Some journals—such as the New England Journal of Medicine, The Lancet, the British Medical Journal, Plastic and Reconstructive Surgery, Annals of Surgery, and The Journal of Trauma and Acute Care Surgery—have apps that provide access to articles. The ACS has an app for the Journal of the American College of Surgeons (JACS), which allows a user to read journal articles, save articles for later, or download PDFs. (See Table 2, for an overview of all the apps offered by the College.) A user also may create a personal library of articles across journals for future reference by saving them to a file hosting service such as Dropbox, which allows customers to store documents and photos in sharable folders for instantaneous access from numerous devices, both online as well as offline.
Another valuable app for organizing and staying current on the latest research is Docphin. Docphin, similar to Read by QxMD, acts as an integrated portal to the journal article libraries of institutions or hospitals. Users save their institutional login to their device for portable access to libraries of information. With the iPad app recently launched this summer along with its existing iPhone and Android interface, Docphin allows users to browse the latest abstracts from their favorite journals, obtain alerts when articles with certain keywords are published, and read landmark papers in each field. However, as Dr. Trinh noted, apps for journal articles are still in their infancy. He hopes that eventually these apps will become more sophisticated by allowing users to publicly comment, highlight content of interest, post links, and discuss findings, thereby creating a virtual community of readers that will help inform and put new journal articles into the context of the literature at large. (For an overview of several representative research and literature review apps, see Table 3.)
Apps for education
Apps are also revolutionizing clinical education. As Dr. Termuhlen observed, “Instant access to information is more efficient, and the graphic nature of the iPad is great for surgeons since most of us are visual learners.” Dr. Termuhlen said that iPads allow surgeons to present graphic information in an accurate and visually appealing way and anticipates the creation of atlases and maps that could revolutionize the teaching of anatomy and surgical techniques.
In terms of delivering more traditional textbook-based content, apps continue to be of limited use, and those text-based apps that do exist are often quite expensive. For example, at press time, the Sabiston Textbook of Surgery was available from the App Store for $204.99 and Zollinger’s Atlas of Surgical Operations could be purchased for $249.99. Nonetheless, apps create the opportunity for future widespread availability of interactive multimodality textbooks and learning resources.
Moving beyond traditional print textbook content, iBook Author allows users to create textbooks and other types of books for the iPad (see Table 4). These iBooks could be used for patient reference, trainee instruction, or individual review by taking text, pictures, videos, and interactive diagrams and turning them into customized textbooks. One example is the Cleft Lip & Palate Program book developed by Boston Children’s Hospital, MA. In addition to books, informational resources such as UpToDate have mobile apps of summarized, easily accessible, and searchable information that is readily available and allows for the immediate answering of questions.

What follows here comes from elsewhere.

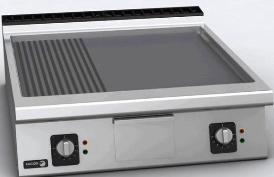 - Produit conçu en acier inox AISI 304, de 2 mm d’épaisseur, plan de travail embouti. Découpe laser, soudure et polissage robotisés facilitant l’assemblage des fonctions, le nettoyage et l’entretien. - Plaque de cuisson fabriquée en acier au carbone de 20 mm d’épaisseur, de mise en température rapide et puissance élevée. - Modèles avec grils lisses, striés ou mixtes (2/3 lisses + 1/3 à rayures). - Versions avec surface en chrome de 50 microns d’épaisseur pour les trois types de grils. - Chauffage électrique par résistances blindées en acier inoxydable; régulation par vanne entre 100 et 300 ºC. - Brûleurs à double tubulure (un brûleur pour les modèles de demi-module, deux brûleurs indépendants pour les modèles d’un module). - Contrôle de la température par robinet thermostatique (entre 100 et 300 °C) pour plaque chromée. - Vanne gaz sur les modèles plaques acier carbone. - Allumage des brûleurs avec train d’étincelles électronique. Ils disposent d’un tube d’accès pour l’allumage manuel. - Gaz: Module avec deux zones de chauffage indépendantes. - Thermostat de sécurité sur les modèles avec contrôle thermostatique. - Grande rapidité de réaction et récupération de la température sur le gril. - Les plaques sont intégrées dans le plan de travail embouti. - Plan de travail embouti avec arêtes arrondies pour une facilité de nettoyage. - Inclinaison de la plaque vers l’avant afin de faciliter la récupération des graisses et des liquides. - Tiroir de récupération d’une capacité allant jusqu’à 2 litres selon les modèles. - Protections latérales et arrières antiéclaboussures en option, facilement démontables. - Protecteur de cheminée en fonte émaillée haute température. - Accès aux composants de la partie avant. - Appareils avec protection de niveau IPX5 contre l'eau. Accessoires optionnels (voir page des accessoires à la fin du chapitre) - Raclette (*). - Protection anti-éclaboussure (en 3 pièces afin de faciliter le nettoyage). Voltage modèles électriques - 400 V 3+N. Consulter pour d'autres voltages.

More interactive educational apps range from quiz apps, including Surgery Board Weapon for the American Board of Surgery In-Training Examination and board review, to those that actually allow a user to perform simulated surgeries. Although simulation in app form is still in its infancy, simulation apps are starting to appear, such as Touch Surgery and vCath. As Dr. Bender said, “Apps in surgery don’t have to be dry. They can be ‘game-ified,’ or made fun in the form of a contest or a game.” An example is the Are You Smarter than Your Attending? app, which was a medical quiz app offered in 2012 by CVOffice—a developer of mobile applications for health care professionals—presented in collaboration with the American Association for Thoracic Surgery. The quiz questions were written by the American Board of Thoracic Surgery, and at the end of the 10-week competition two winners were awarded a free journal subscription and free meeting tuition.
The College offers an educational app, MyATLS, to complement and build upon the Advanced Trauma Life Support® (ATLS®) course. Available for use on an iPad or other tablets, it allows users to access key resources, including algorithms, calculators, and video, regarding trauma care. In addition, there is an informative, yearly app for the annual ACS Clinical Congress that includes scheduling capabilities, session descriptions, room locations, and more.
Apps are also being used for case and knowledge assessment. Jonathan P. Fryer, MD, FACS, assistant professor of surgery at Northwestern University’s Feinberg School of Medicine, Chicago, IL, described how the faculty at that institution use an iPhone app to assess residents’ levels of autonomy and skill in the operating room based on resident self-assessment and attending evaluation.
For attending surgeons, apps could provide opportunities for continuing medical education (CME). Although existing apps such as Epocrates CME and MedPage Today offer alternatives for fulfillment of medical CME requirements, they currently offer a paucity of surgery CME opportunities. However, the potential for future interactive surgical education and assessment tools is great.
Some surgeons believe something is lost when a user switches from a paper format to digital. Luke Selby, MD, a general surgery resident at North Shore Long Island Jewish Health System, NY, described how apps can be ideal for quick and immediate references during the day, but how reading large chapters or articles can be hard on an iPhone. “It’s great for looking up quick facts, but I don’t like to read textbooks or articles on the iPhone,” he said. “I know that some read on their iPhone or iPad, but I definitely still prefer books.”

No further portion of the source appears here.